Items from a dataset
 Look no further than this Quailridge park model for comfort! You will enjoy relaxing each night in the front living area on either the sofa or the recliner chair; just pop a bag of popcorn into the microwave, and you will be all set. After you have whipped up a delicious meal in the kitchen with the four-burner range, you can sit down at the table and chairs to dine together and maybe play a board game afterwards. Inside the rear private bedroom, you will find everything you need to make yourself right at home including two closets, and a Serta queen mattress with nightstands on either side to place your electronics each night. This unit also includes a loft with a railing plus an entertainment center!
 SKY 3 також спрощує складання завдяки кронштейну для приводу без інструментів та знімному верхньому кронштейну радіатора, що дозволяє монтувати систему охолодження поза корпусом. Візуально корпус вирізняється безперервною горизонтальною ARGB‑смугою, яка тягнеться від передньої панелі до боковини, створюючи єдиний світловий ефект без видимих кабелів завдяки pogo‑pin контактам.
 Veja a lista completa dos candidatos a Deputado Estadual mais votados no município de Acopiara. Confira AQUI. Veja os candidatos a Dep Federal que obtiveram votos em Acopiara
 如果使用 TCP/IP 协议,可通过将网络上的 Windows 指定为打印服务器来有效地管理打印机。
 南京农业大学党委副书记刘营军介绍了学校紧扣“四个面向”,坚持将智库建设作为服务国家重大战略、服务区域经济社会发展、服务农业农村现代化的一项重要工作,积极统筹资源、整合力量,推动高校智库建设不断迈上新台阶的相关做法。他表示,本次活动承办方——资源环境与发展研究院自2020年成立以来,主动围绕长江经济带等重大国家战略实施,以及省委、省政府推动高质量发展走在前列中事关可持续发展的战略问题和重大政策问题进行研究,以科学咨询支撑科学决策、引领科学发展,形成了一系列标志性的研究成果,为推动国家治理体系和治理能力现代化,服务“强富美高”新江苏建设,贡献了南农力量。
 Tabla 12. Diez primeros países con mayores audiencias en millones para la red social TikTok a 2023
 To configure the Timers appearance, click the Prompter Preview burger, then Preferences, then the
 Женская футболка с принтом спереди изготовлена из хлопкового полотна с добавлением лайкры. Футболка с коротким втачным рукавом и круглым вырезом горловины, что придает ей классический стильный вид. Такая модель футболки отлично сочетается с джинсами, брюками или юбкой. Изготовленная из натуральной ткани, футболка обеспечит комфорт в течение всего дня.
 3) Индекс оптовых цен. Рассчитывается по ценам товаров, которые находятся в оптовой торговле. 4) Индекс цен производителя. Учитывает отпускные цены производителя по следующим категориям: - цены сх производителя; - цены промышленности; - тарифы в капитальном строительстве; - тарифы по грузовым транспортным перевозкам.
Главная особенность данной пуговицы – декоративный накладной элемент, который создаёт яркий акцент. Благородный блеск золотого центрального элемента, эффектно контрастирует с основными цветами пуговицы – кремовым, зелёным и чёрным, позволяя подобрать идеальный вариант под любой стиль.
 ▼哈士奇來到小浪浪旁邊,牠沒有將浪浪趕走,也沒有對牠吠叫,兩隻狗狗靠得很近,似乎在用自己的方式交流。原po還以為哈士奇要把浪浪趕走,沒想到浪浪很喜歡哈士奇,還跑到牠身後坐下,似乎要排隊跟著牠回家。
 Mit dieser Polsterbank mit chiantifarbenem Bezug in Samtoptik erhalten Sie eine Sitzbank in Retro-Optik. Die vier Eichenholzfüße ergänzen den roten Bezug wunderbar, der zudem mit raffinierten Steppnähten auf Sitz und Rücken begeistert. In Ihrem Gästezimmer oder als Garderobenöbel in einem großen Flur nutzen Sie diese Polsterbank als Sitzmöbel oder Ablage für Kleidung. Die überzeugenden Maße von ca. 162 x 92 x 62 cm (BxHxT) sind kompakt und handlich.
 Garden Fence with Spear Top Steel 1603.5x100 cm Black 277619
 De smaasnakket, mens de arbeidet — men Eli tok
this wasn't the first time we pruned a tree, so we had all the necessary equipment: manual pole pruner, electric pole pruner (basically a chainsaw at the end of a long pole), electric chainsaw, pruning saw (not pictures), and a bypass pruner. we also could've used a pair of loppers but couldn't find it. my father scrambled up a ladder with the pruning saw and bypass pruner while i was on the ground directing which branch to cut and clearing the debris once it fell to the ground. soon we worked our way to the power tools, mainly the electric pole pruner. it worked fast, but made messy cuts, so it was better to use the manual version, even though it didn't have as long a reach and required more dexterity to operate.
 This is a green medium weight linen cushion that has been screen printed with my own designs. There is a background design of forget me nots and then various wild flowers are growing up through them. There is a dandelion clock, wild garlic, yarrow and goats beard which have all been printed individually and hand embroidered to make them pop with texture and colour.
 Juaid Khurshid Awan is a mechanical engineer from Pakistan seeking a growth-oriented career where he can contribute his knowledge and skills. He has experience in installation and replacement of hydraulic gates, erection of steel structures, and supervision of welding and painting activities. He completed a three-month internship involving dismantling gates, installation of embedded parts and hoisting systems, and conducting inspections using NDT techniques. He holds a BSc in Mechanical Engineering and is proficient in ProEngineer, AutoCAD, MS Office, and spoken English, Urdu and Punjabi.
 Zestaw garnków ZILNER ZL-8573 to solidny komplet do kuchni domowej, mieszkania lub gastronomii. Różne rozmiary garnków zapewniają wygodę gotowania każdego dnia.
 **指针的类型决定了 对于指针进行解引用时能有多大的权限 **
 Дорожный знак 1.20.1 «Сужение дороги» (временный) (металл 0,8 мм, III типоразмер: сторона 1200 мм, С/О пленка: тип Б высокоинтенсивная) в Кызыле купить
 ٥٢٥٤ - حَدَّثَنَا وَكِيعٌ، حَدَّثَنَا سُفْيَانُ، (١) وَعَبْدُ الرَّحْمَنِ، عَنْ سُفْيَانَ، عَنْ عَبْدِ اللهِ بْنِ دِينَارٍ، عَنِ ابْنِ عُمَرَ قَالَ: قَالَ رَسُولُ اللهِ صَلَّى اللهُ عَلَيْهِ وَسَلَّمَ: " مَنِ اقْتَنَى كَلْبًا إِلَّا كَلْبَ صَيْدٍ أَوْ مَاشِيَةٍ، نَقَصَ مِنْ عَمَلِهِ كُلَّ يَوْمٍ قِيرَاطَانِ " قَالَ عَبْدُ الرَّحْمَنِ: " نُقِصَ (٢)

Work order:
From the entries above, give again exactly the lines running from the line with "This is a green" to the line with "Zestaw garnków ZILNER"; include both of those lines.

Solution:
 This is a green medium weight linen cushion that has been screen printed with my own designs. There is a background design of forget me nots and then various wild flowers are growing up through them. There is a dandelion clock, wild garlic, yarrow and goats beard which have all been printed individually and hand embroidered to make them pop with texture and colour.
 Juaid Khurshid Awan is a mechanical engineer from Pakistan seeking a growth-oriented career where he can contribute his knowledge and skills. He has experience in installation and replacement of hydraulic gates, erection of steel structures, and supervision of welding and painting activities. He completed a three-month internship involving dismantling gates, installation of embedded parts and hoisting systems, and conducting inspections using NDT techniques. He holds a BSc in Mechanical Engineering and is proficient in ProEngineer, AutoCAD, MS Office, and spoken English, Urdu and Punjabi.
 Zestaw garnków ZILNER ZL-8573 to solidny komplet do kuchni domowej, mieszkania lub gastronomii. Różne rozmiary garnków zapewniają wygodę gotowania każdego dnia.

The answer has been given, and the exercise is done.